So Mr. Ambrose and the three children entered the cottage. It was, as always, the picture of neatness and cleanliness; there were a few well-tended geraniums in the windows, and some nice pictures on the walls—not the gaudy, vulgar prints which are so commonly found in the cottages of the poor, but really good and well-coloured engravings of sacred subjects—a supply of which Mr. Ambrose always kept on sale at a very low price[56]. There was enough of neat furniture in the rooms; and on a nice bed, with snow-white drapery, lay the poor old man. After a short conversation Mr. Ambrose read the twelfth chapter of St. Paul's Epistle to the Romans, and then, when he had given a short explanation of the chapter, all knelt down whilst he said some collects from the Office of the Visitation of the Sick, and a prayer applicable to the special circumstances of these humble cottagers.
The prayers ended, the old man rose up in his bed, and said, "Ah, sir, I have often thought of that chapter you read just now, when I was able to go to our dear old church. Just opposite my seat, you know, was the picture on the wall of the man giving a poor thirsting creature a cup of water, and of another giving a loaf of bread to somebody that looked very hungry. When Mr. Greekhurst was at our church, years ago, you know, sir, he used to preach very learned sermons, and we poor people couldn't understand much about them, but there was my text and sermon too, straight before me, and I always remembered the picture if I didn't remember the sermon. I really think that looking on the old picture made me somehow more kindly disposed to some of my neighbours. I suppose it has been there a great many years, sir?"
"Yes, my friend; I should think about five hundred years."
"So long as that! Well then, I hope it has taught a good lesson to many before me."
"No doubt it has; and though it is now almost worn away from the wall, you will be glad to know that we have the same subject in the new painted window close by, so the old sermon will not be lost."

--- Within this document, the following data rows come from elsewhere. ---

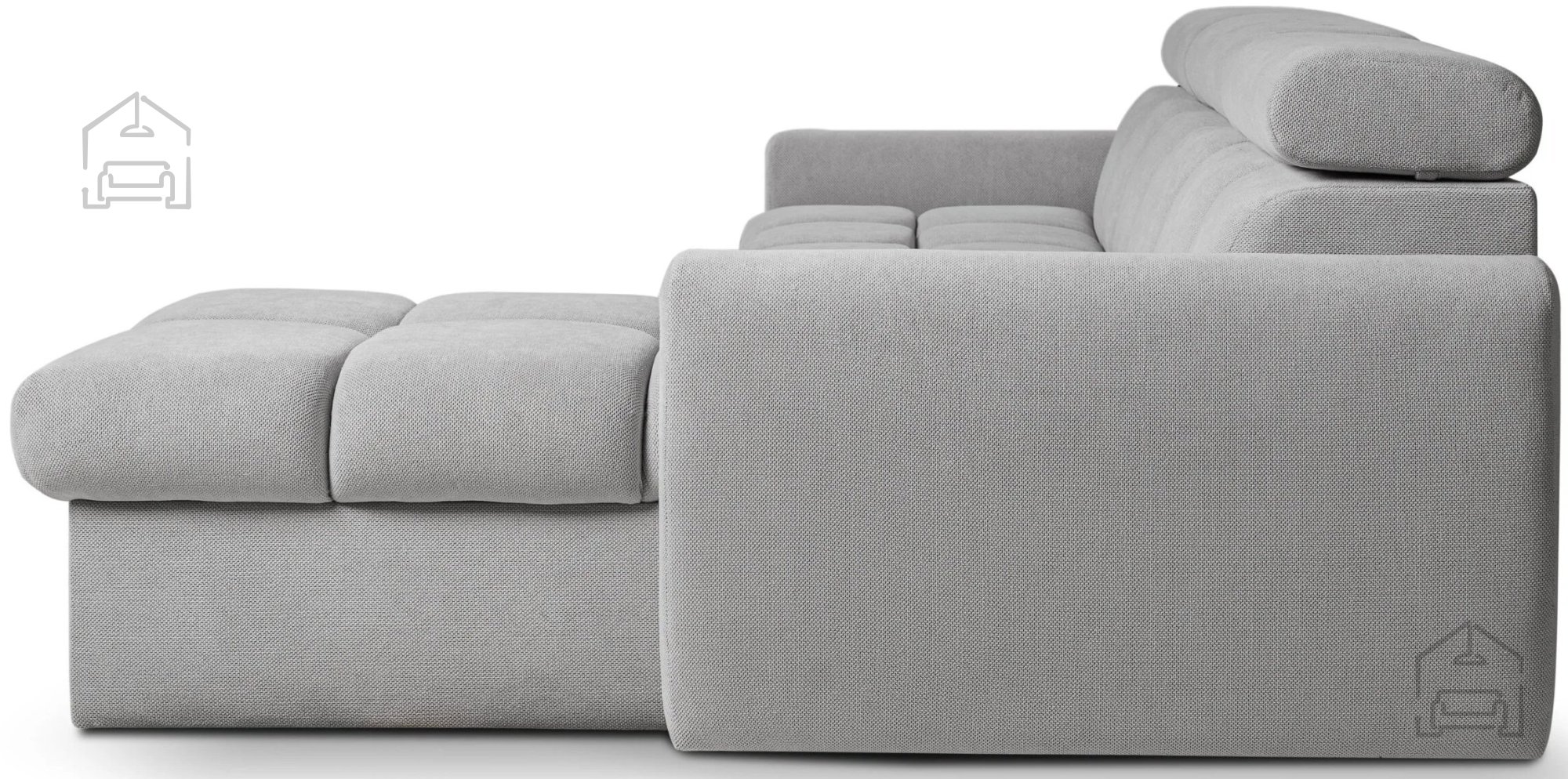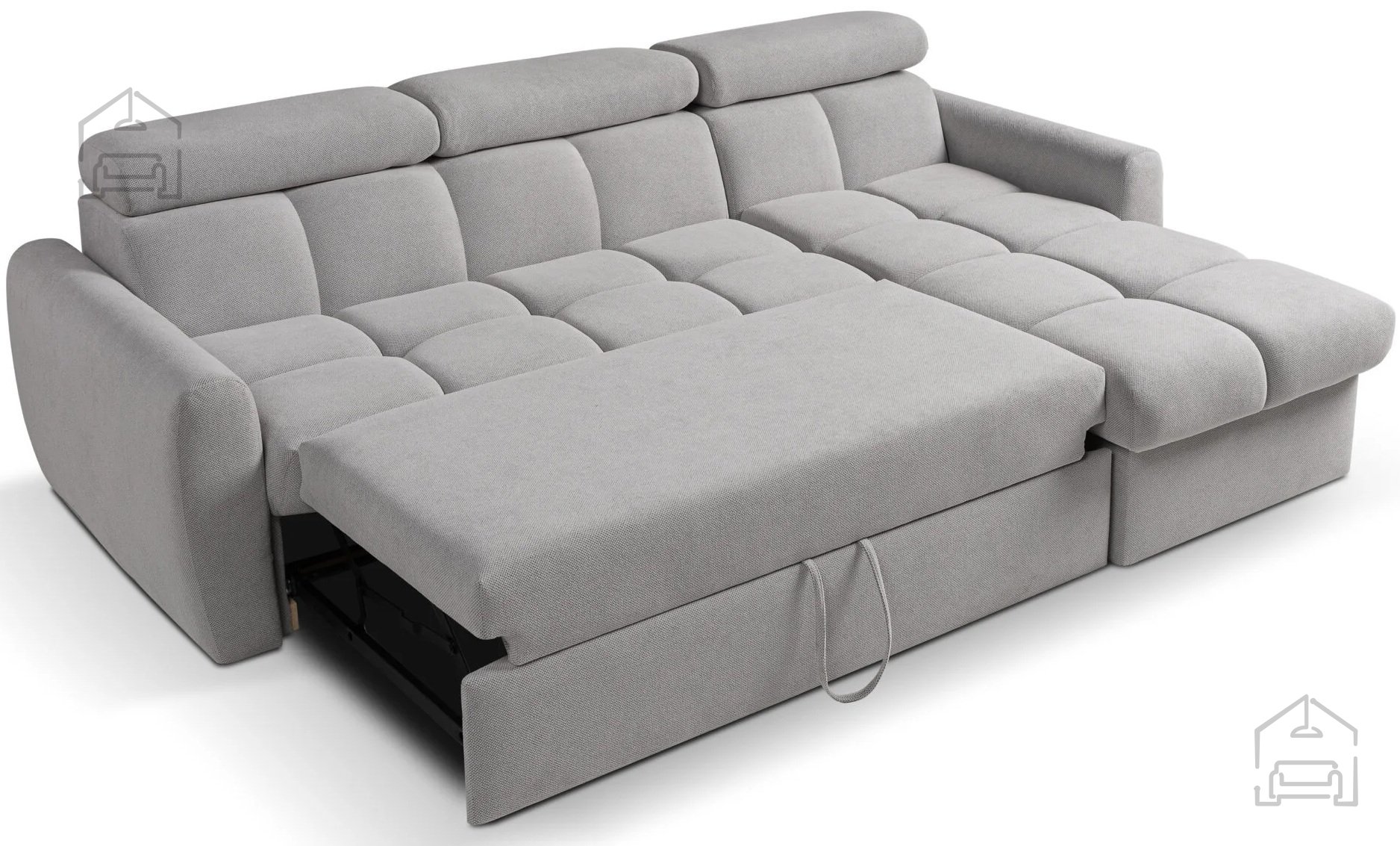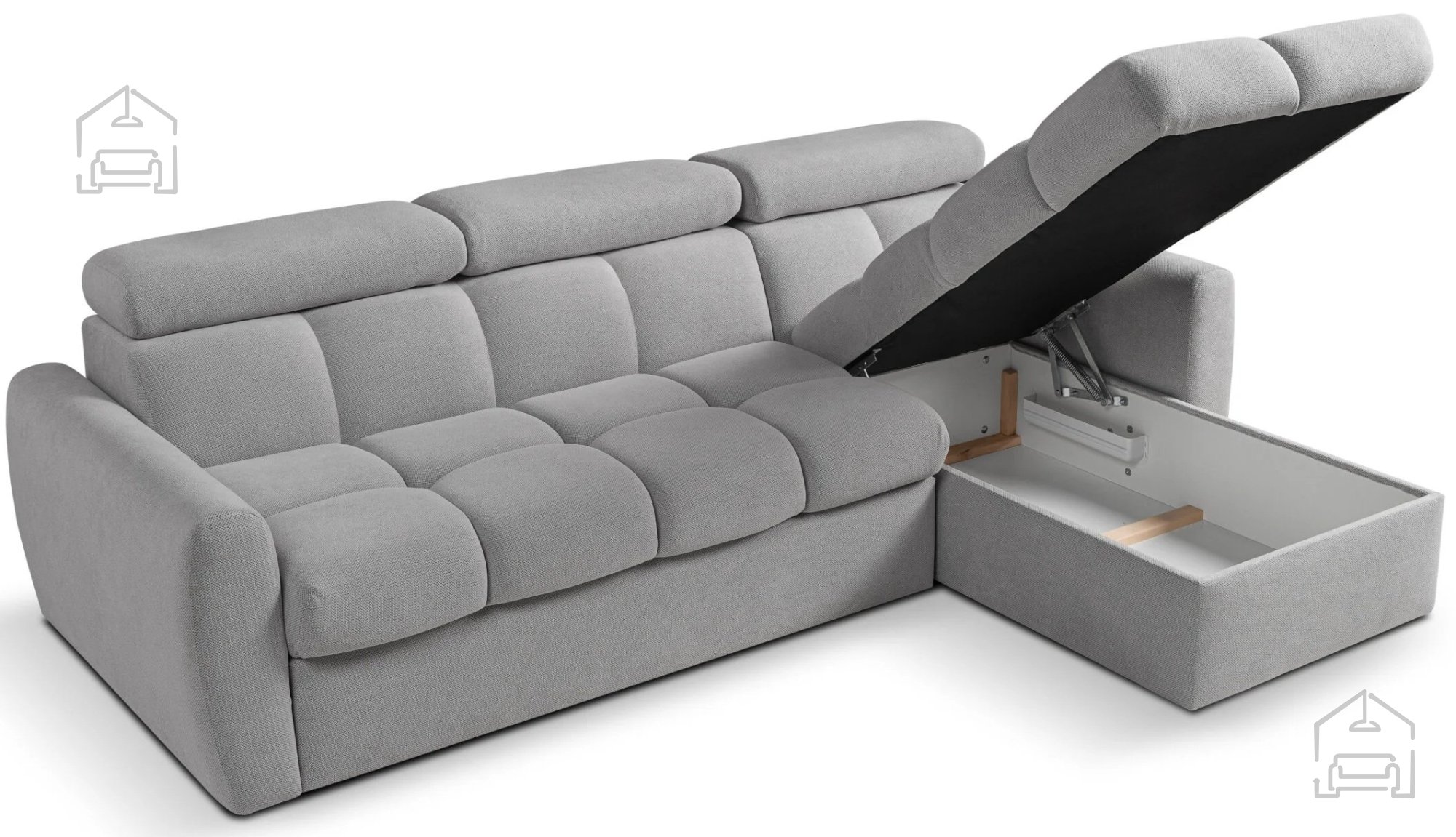 Med dodatnimi funkcijami garniture izstopajo nastavljivi vzglavniki, ki omogočajo individualno prilagoditev višine in naklona za optimalno oporo vratu in glavi. Predal za posteljnino je praktično umeščen pod sedežni del in zagotavlja dodaten prostor za shranjevanje odej, blazin ali posteljnine. Sistem za samodejno pomoč pri razklapljanju olajša uporabo tudi tistim, ki ne želijo vlagati veliko moči pri vsakodnevnem raztezanju.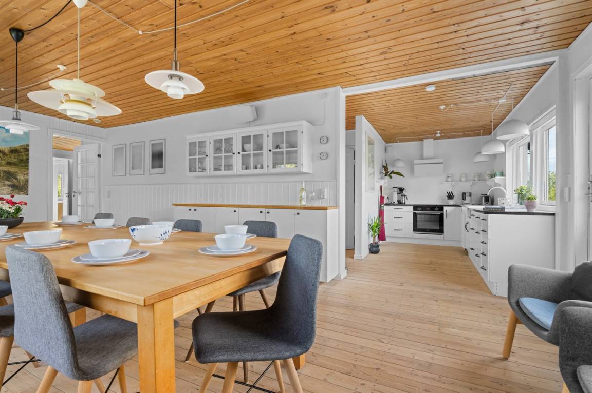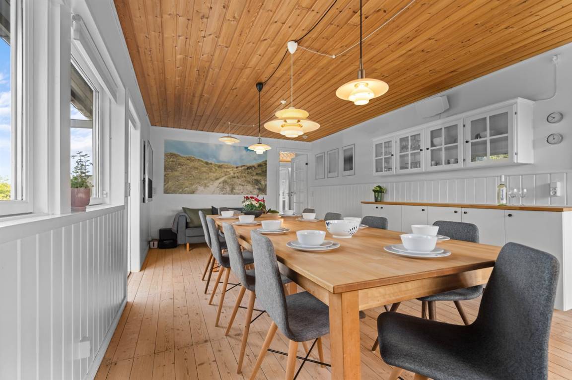 EinrichtungDas Ferienhaus eignet sich für 12 Personen. Die Ferienunterkunft hat eine Wohnfläche von 200 m², ist 2-stöckig, und wurde 1962 gebaut. 2006 wurde die Ferienunterkunft renoviert. 2021 wurde die Ferienunterkunft teilweise renoviert. Haustiere dürfen nicht mitgebracht werden. Die Ferienunterkunft ist mit energiesparender Wärmepumpe ausgestattet. Fußbodenheizung in allen Klinkerböden. Die Ferienunterkunft ist mit Waschmaschine ausgestattet. Wäschetrockner. Tiefkühlmöglichkeit mit 200 Liter Nutzinhalt. Es gibt außerdem einen Kaminofen.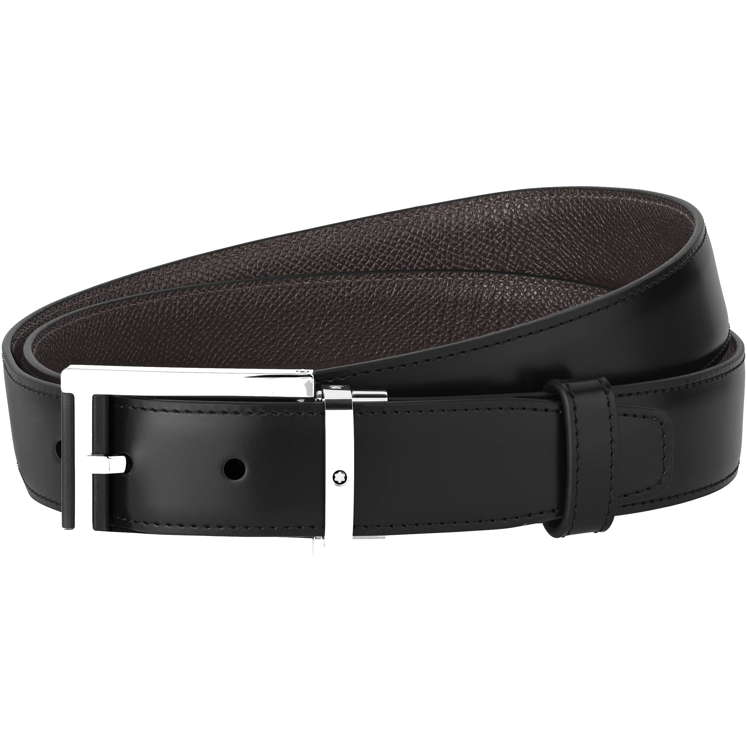 Montblanc - Opasky - MB126008 - Rectangular Stainless Steel & Black Leather Pin Buckle Belt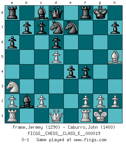 Last move : 0-1 2006 October 31 14:22:26 [Event "FICGS__CHESS__CLASS_E__000019"] [Site "FICGS"] [Date "2006.10.25"] [Round "1"] [White "Frame,Jeremy"] [Black "Caburro,John"] [Result "0-1"] [WhiteElo "1290"] [BlackElo "1400"] 1.e4 g6 2.d4 Bg7 3.Nf3 d6 4.Nc3 Nd7 5.Be3 e5 6.d5 Ne7 7.Be2 O-O 8.O-O f5 9.exf5 gxf5 10.Nb5 f4 11.Bd2 a6 12.Na3 e4 13.Nd4 Bxd4 14.Bc3 Bxc3 15.Bh5 Bxb2 0-1 Robatsch (Modern) defense Kingside Castling by player Black (move 7) Kingside Castling by player White (move 8) Player Black won this chess game. Follow this game move after move (download)The boy (then a 12 year old boy named Anatoly Karpov) doesn't have a clue about Chess, and there's no future at all for him in this profession. (Mikhail Botvinnik) Das Schachspiel hat wie die Liebe, die Musik, die Fähigkeit, den Menschen glücklich zu machen. Ich habe ein leises Gefühl des Bedauerns für jeden, der das Schachspiel nicht kennt, so wie ich jeden bedaure, der die Liebe nicht kennt. (Siegbert Tarrasch) ¿Quién es tu oponente esta tarde? Esta tarde mi oponente son las piezas negras. (Akiba Rubinstein) Toutes choses étant égales, c'est la conviction qui gagne. Alliée à une volonté de vaincre, elle sert de détonateur, suscite des idées, disperse les doutes et aide à penser clairement. (Robert Fischer) Heh, heh, heh. Time to abandon ship. (General Grievous in Star Wars ep.3)

"'Tis strange, sir, how well one remembers pictures of this sort, and how they make one think about things which, but for them, we certainly might not care to inquire much about. Now when I was a young man I never thought a great deal of that beautiful chapter where St. Paul says so much about charity. I had often heard the chapter read, and sometimes read it myself, but still it never came to my mind how necessary a thing charity was for us to have, till one day I went to Sunday-morning service at an old church near our home. I got to the church some time before service, so I walked about the churchyard, and looked round the church, and there were pictures all round the outside of the walls of the church[57], explaining that chapter. There was one man bringing all his riches, and every thing he had, to give to the poor, and there was another poor man being burnt to death, and so on; and then at the last it said that, without love to God and man, all this was good for nothing. Now, sir, I don't recollect a single word of hundreds of sermons I have heard, but I shall never forget those pictures."